A Novel FAPI-Based Radiopharmaceutical for SPECT Imaging of Fibrotic Interstitial Lung Disease.

Objectives: Early and noninvasive detection of fibrotic interstitial lung disease (fILD) is a critical but unmet clinical necessity. This study aimed to evaluate the feasibility of using (99m)Tc-HYNIC-Glu(PEG(4)-oncoFAPi)(2) (denoted as (99m)Tc-H-PoFP(2)), a novel (99m)Tc-labeled radiopharmaceutical that targets fibroblast activation protein (FAP), for single-photon emission computed tomography (SPECT) imaging of pulmonary fibrosis in a mouse model and preliminary clinical studies. Methods:(99m)Tc-H-PoFP(2) could be conveniently afforded using a kit formula with high radiochemical purity and stability. The binding specificity and affinity of (99m)Tc-H-PoFP(2) for FAP were validated by an in vitro binding assay. The in vivo characteristics of (99m)Tc-H-PoFP(2) were also determined. Results:(99m)Tc-H-PoFP(2) was eliminated quickly via the urinary system, leading to low normal tissue uptake and a high target/background ratio. SPECT imaging demonstrated significantly enhanced uptake of the (99m)Tc-H-PoFP(2) in bleomycin-induced fibrotic lung tissues, with visual effects superior to those of normal mice. Thus, a pilot clinical study of (99m)Tc-H-PoFP(2) SPECT/CT imaging was conducted in 12 patients diagnosed with fILD. The physiological biodistribution of (99m)Tc-H-PoFP(2) in patients was predominantly observed in the kidneys, bladder, liver, and pancreas, with relatively minor accumulation in the thyroid, salivary glands, and spleen. fILD patients exhibited elevated pulmonary (99m)Tc-H-PoFP(2) uptake in the affected lung regions.
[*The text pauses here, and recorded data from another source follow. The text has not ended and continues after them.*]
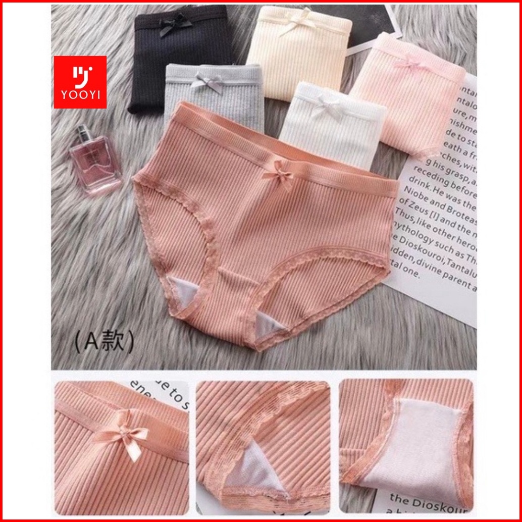 Yooyi Celana Dalam Wanita Dewasa Anti Nyeplak Sexy Jepang Cd Hot Imut Fashion Undies Polos High Quality Katun Hiasan Pit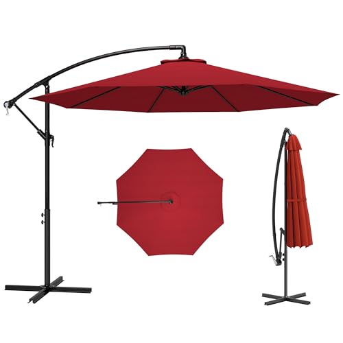 Outsunny 3(m) Garden Banana Parasol Hanging Cantilever Umbrella with Crank Handle, 8 Ribs and Cross Base for Outdoor, Sun Shade, Wine Red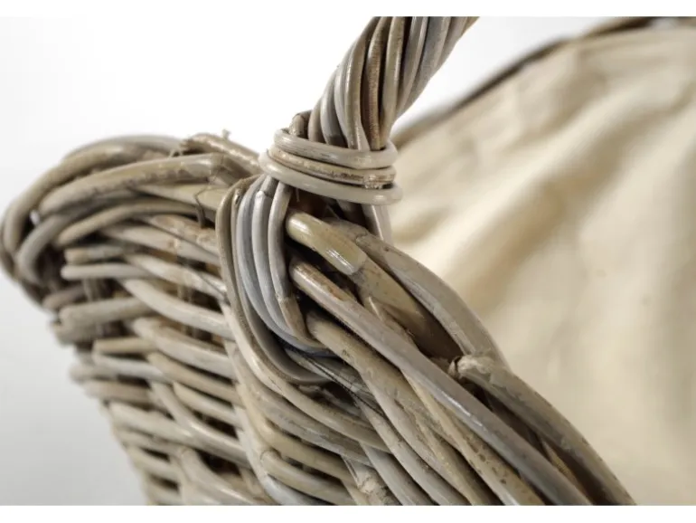 Halbrund Kaminholzkorb aus Rattan mit hellem Leinenbezug Natur und stilvoll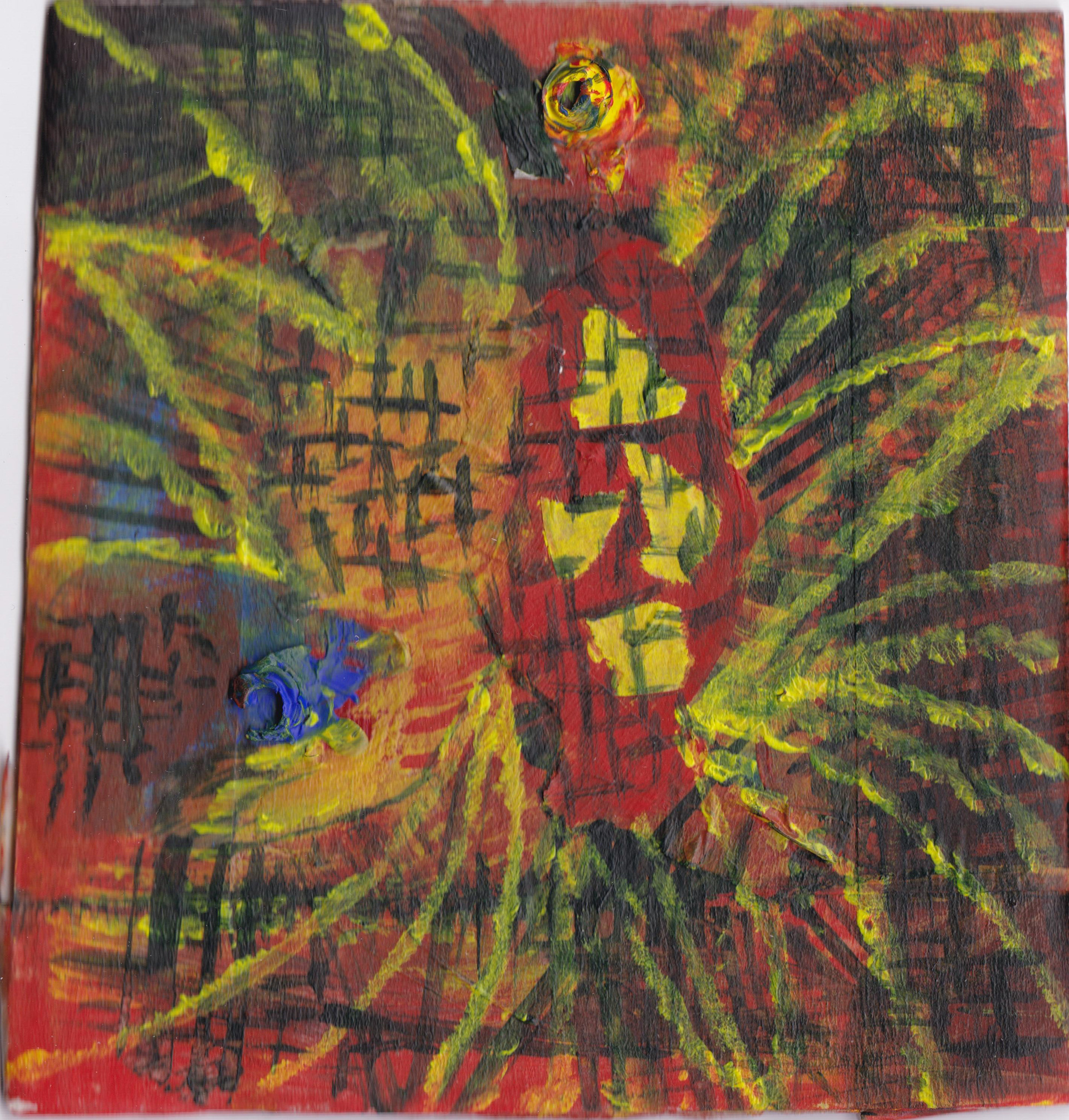 Acrylic on paper on cardboard. 5x5.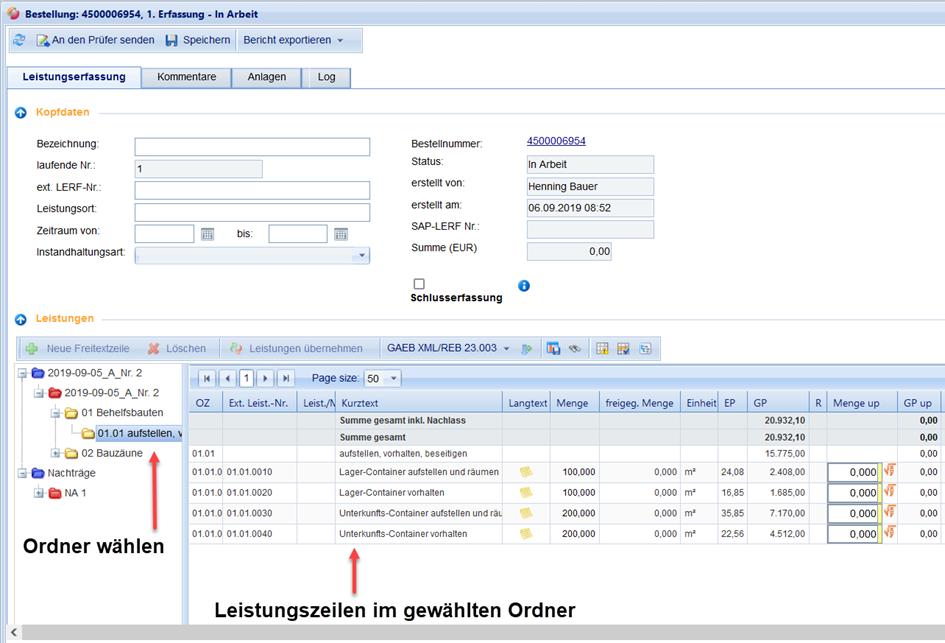 Sollte es sich um eine Bestellung mit konkreter Leistungsbeschreibung handeln, so wird das Auftrags-LV in der Tabelle des Erfassungsblatts direkt angezeigt.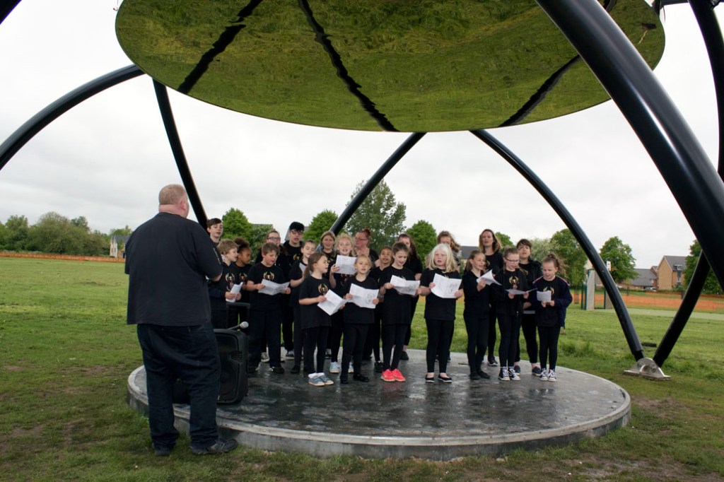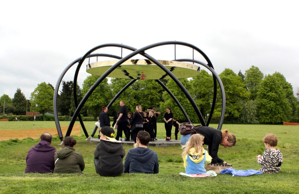 This artwork references the traditional bandstand and its function as a community-cohesive structure. Surrounded by Victorian and new build contemporary housing, the form’s purpose and geometry explores ideas of Victorian philanthropy and references cast iron lattice work on palm houses and other civic structures in the town.
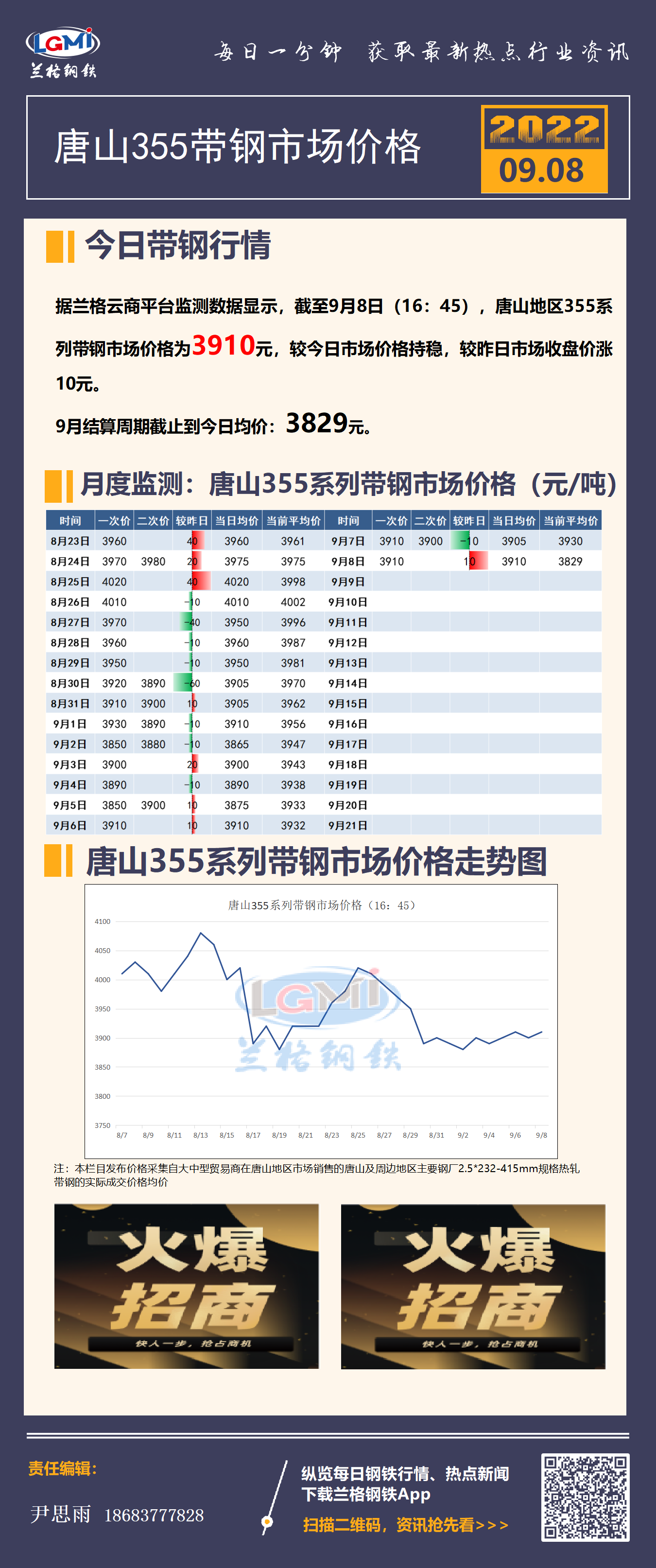 - 调价:9月8日唐山带钢宝生136-242系出厂价格再涨10元2022/9/8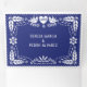 Invitation Trois Volets Papier bleu foncé picado inséparables mariage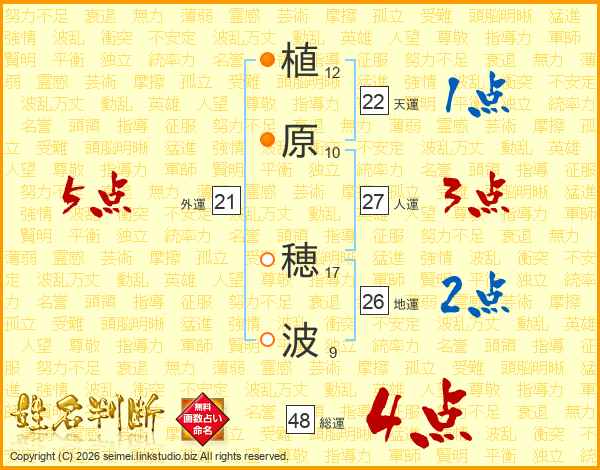 植原穂波さんの総運は48画の4点!

Furthermore, the uptake of (99m)Tc-HPoFP(2) demonstrated moderate correlations with the results of pulmonary function tests (PFTs). A higher gender-age-physiology (GAP) index was associated with elevated standardized uptake value maximum (SUVmax) and target-to-background ratio (TBR) values. Conclusions: Collectively, this study demonstrates the potential of (99m)Tc-HPoFP(2) for SPECT imaging and assessing fILD by targeting FAP overexpressed in fibrotic lung tissues. This strategy offers new possibilities for noninvasive and precise assessment of pulmonary fibrosis.